[Records from a data collection]
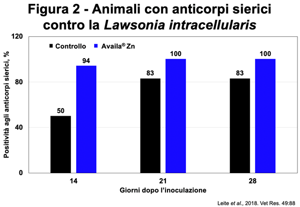 ”I maiali alimentati con una dieta integrata con Availa Zn presentano un livello più elevato di anticorpi sierici (Figura 2). Inoltre, presentano un numero notevolmente maggiore di cellule immunitarie (cellule T), le stesse che in presenza di ileite subiscono gli attacchi soppressivi.”
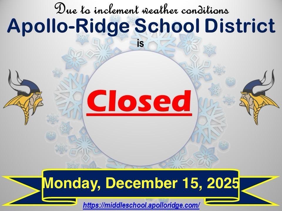UPDATE: Due to continued hazardous conditions in our outlying areas, the Apollo-Ridge School District will be closed Monday, December 15, 2025. We will utilize a built in snow make-up day later in the school year. Stay safe!
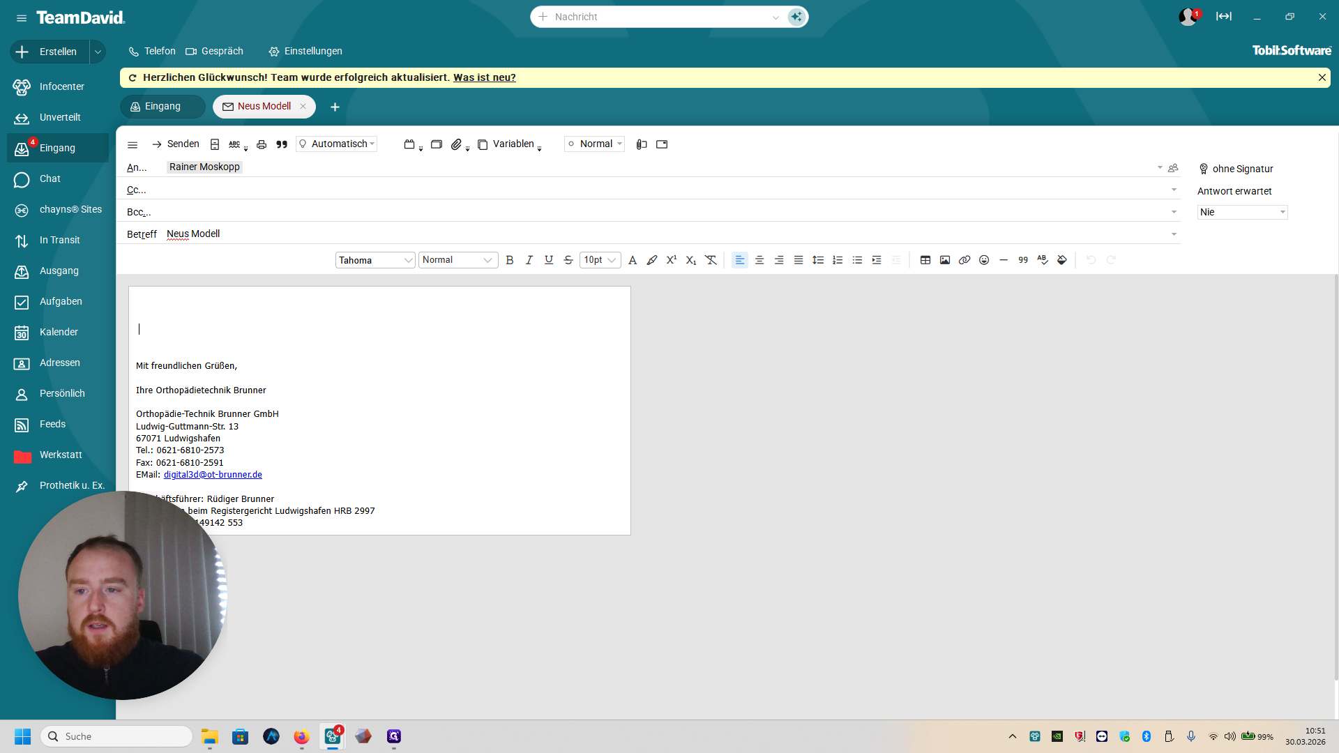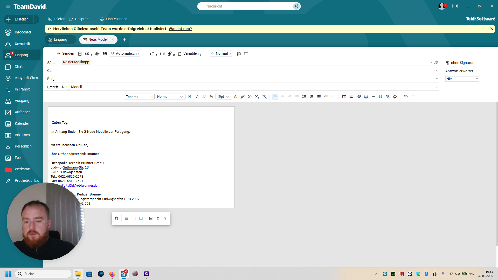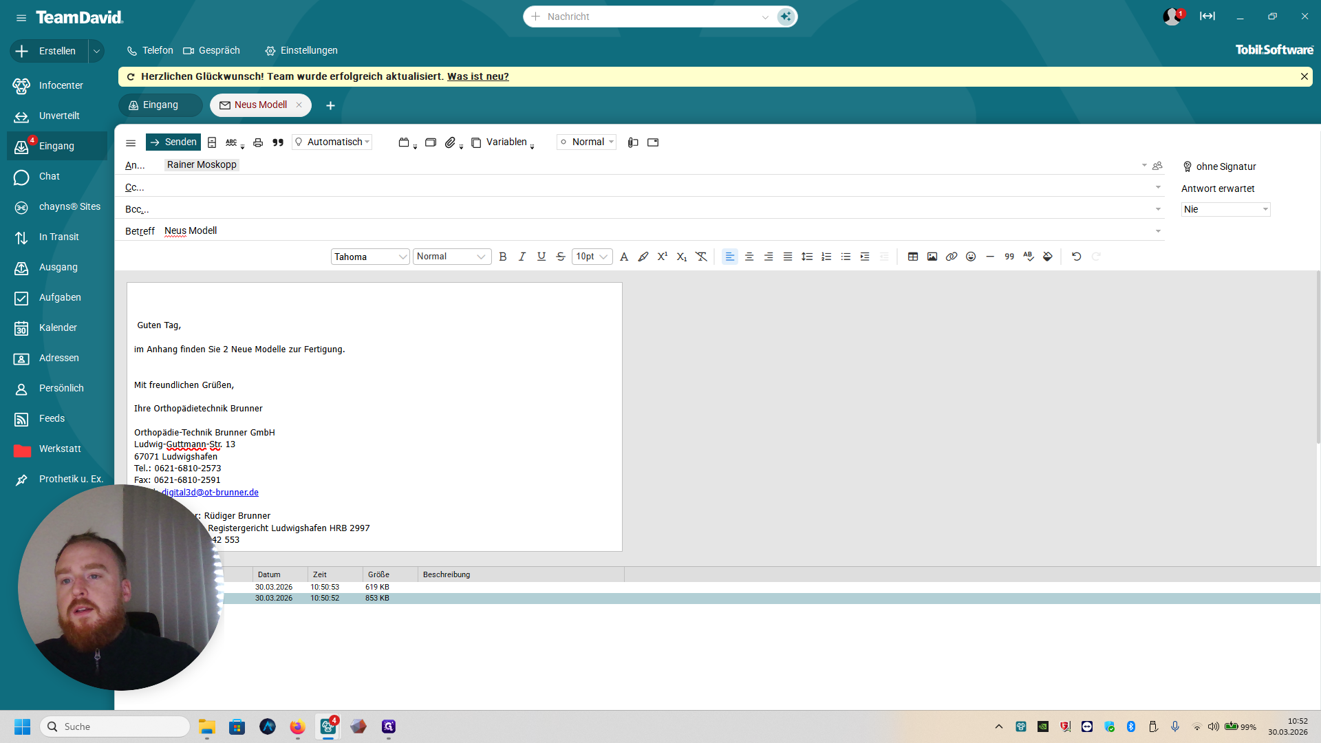 Und dann schreibt ihr hier: Guten Tag, im Anhang finden Sie zwei neue Modelle zur Fertigung.
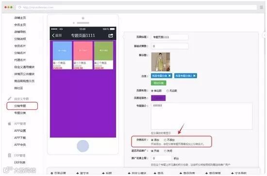 后台可以设置分享分销专题是否自动带上分销名片,利于公众号吸粉
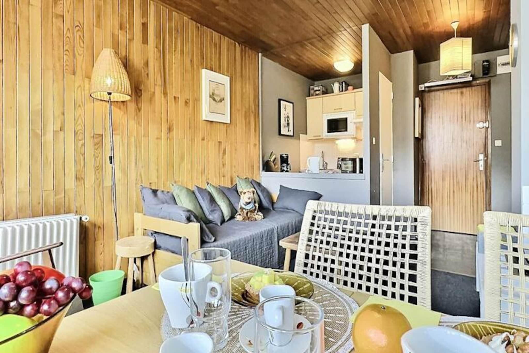 I hjertet af Tignes' pulserende Lavachet-distrikt tilbyder denne hyggelige etværelseslejlighed et indbydende tilflugtssted for dine alpine eventyr. Uanset om du er her for spændingen ved skiløb eller roen ved sommervandreture, kombinerer dette charmerende sted bekvemmelighed og komfort med sin førsteklasses beliggenhed kun to minutters gang fra pisterne og de lokale butikker. Fra den sydvestvendte balkon kan du nyde den betagende, uhindrede udsigt over de omkringliggende bjerge, mens du planlægger din dag i de franske alper. Indenfor er den 40 m² store lejlighed omhyggeligt designet til at rumme op til fem gæster. Stuen har en komfortabel dobbeltsovesofa, mens soveværelset tilbyder en hyggelig dobbeltseng til afslappende nætter. En ekstra enkeltseng i entréen giver fleksible sovemuligheder. Det åbne tekøkken er udstyret med alt, hvad du behøver for at tilberede måltider, herunder elektrisk komfur, ovn, opvaskemaskine og køleskab. Efter en dag med eventyr kan du slappe af i opholdsstuen med fjernsynet eller nyde et afslappende bad i badeværelsets badekar. Boligen har også et skiskab for din bekvemmelighed, og kæledyr er velkomne til at deltage i dit ophold. Med betalt udendørs og indendørs parkering på resortet har du nem adgang til alt, hvad Tignes har at byde på. Fra den livlige afterski-scene til de fantastiske alpine løjper placerer denne lejlighed dig i centrum af det hele. Uanset om du søger adrenalinfyldte dage på pisterne eller fredelige aftener omgivet af bjergskønne omgivelser, er dette den perfekte base for din Tignes-ferie.
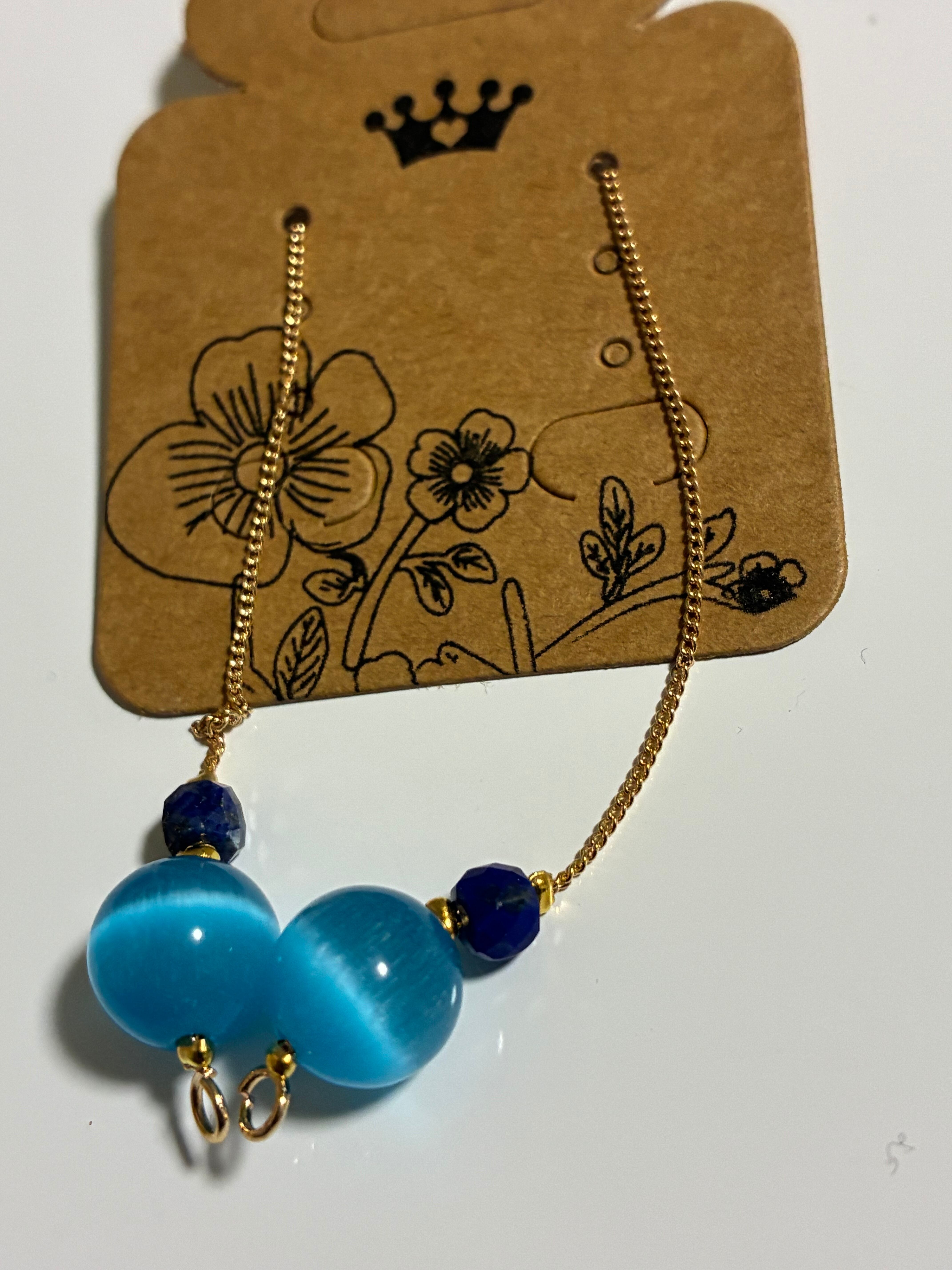 **ブルーキャッツアイ・ラピスピアス**は、神秘的な青色のキャッツアイと美しいラピスラズリが巧妙に組み合わさった、魅力的なアクセサリーです。このアイテムは、シンプルながらも洗練されたデザインで、日常のコーディネートに特別な輝きをプラスします!

* What the exercise asks: Every entry above should be printed again exactly, except for the pictures.

* Written response:
 ”I maiali alimentati con una dieta integrata con Availa Zn presentano un livello più elevato di anticorpi sierici (Figura 2). Inoltre, presentano un numero notevolmente maggiore di cellule immunitarie (cellule T), le stesse che in presenza di ileite subiscono gli attacchi soppressivi.”
UPDATE: Due to continued hazardous conditions in our outlying areas, the Apollo-Ridge School District will be closed Monday, December 15, 2025. We will utilize a built in snow make-up day later in the school year. Stay safe!
 Und dann schreibt ihr hier: Guten Tag, im Anhang finden Sie zwei neue Modelle zur Fertigung.
 后台可以设置分享分销专题是否自动带上分销名片,利于公众号吸粉
 I hjertet af Tignes' pulserende Lavachet-distrikt tilbyder denne hyggelige etværelseslejlighed et indbydende tilflugtssted for dine alpine eventyr. Uanset om du er her for spændingen ved skiløb eller roen ved sommervandreture, kombinerer dette charmerende sted bekvemmelighed og komfort med sin førsteklasses beliggenhed kun to minutters gang fra pisterne og de lokale butikker. Fra den sydvestvendte balkon kan du nyde den betagende, uhindrede udsigt over de omkringliggende bjerge, mens du planlægger din dag i de franske alper. Indenfor er den 40 m² store lejlighed omhyggeligt designet til at rumme op til fem gæster. Stuen har en komfortabel dobbeltsovesofa, mens soveværelset tilbyder en hyggelig dobbeltseng til afslappende nætter. En ekstra enkeltseng i entréen giver fleksible sovemuligheder. Det åbne tekøkken er udstyret med alt, hvad du behøver for at tilberede måltider, herunder elektrisk komfur, ovn, opvaskemaskine og køleskab. Efter en dag med eventyr kan du slappe af i opholdsstuen med fjernsynet eller nyde et afslappende bad i badeværelsets badekar. Boligen har også et skiskab for din bekvemmelighed, og kæledyr er velkomne til at deltage i dit ophold. Med betalt udendørs og indendørs parkering på resortet har du nem adgang til alt, hvad Tignes har at byde på. Fra den livlige afterski-scene til de fantastiske alpine løjper placerer denne lejlighed dig i centrum af det hele. Uanset om du søger adrenalinfyldte dage på pisterne eller fredelige aftener omgivet af bjergskønne omgivelser, er dette den perfekte base for din Tignes-ferie.
 **ブルーキャッツアイ・ラピスピアス**は、神秘的な青色のキャッツアイと美しいラピスラズリが巧妙に組み合わさった、魅力的なアクセサリーです。このアイテムは、シンプルながらも洗練されたデザインで、日常のコーディネートに特別な輝きをプラスします!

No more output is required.